» **Records shown**
--------------------

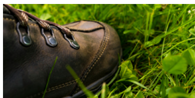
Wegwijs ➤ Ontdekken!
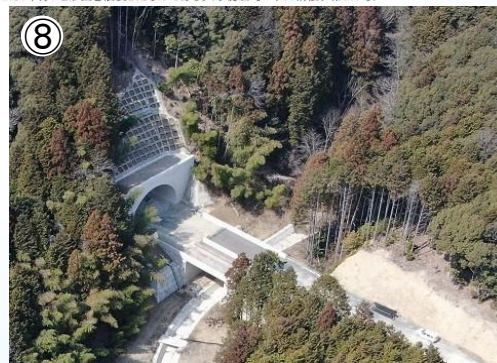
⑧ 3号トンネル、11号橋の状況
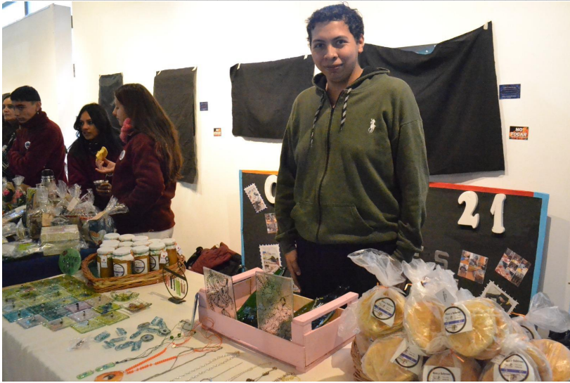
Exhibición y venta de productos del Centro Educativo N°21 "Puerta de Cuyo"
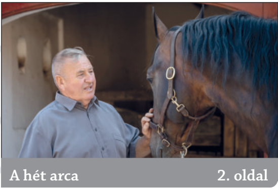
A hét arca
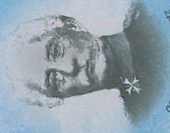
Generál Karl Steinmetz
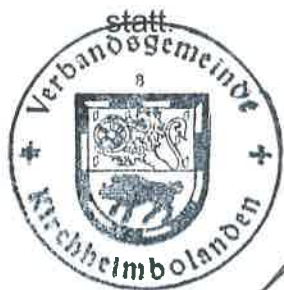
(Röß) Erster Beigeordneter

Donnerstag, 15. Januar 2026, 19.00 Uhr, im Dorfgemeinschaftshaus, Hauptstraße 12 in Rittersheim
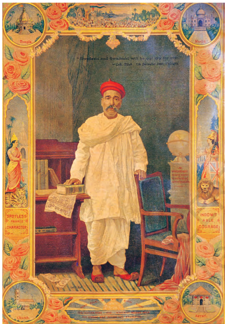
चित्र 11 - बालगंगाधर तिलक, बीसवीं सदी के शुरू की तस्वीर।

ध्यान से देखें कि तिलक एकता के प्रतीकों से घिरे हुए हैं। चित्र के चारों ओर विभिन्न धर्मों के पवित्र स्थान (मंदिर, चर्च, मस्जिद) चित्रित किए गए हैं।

--------------------

» **Work request**
Write out the data precisely as given, excluding the pictures.

» **Response to the exercise**
Wegwijs ➤ Ontdekken!
⑧ 3号トンネル、11号橋の状況
Exhibición y venta de productos del Centro Educativo N°21 "Puerta de Cuyo"
A hét arca
Generál Karl Steinmetz
(Röß) Erster Beigeordneter

Donnerstag, 15. Januar 2026, 19.00 Uhr, im Dorfgemeinschaftshaus, Hauptstraße 12 in Rittersheim
चित्र 11 - बालगंगाधर तिलक, बीसवीं सदी के शुरू की तस्वीर।

ध्यान से देखें कि तिलक एकता के प्रतीकों से घिरे हुए हैं। चित्र के चारों ओर विभिन्न धर्मों के पवित्र स्थान (मंदिर, चर्च, मस्जिद) चित्रित किए गए हैं।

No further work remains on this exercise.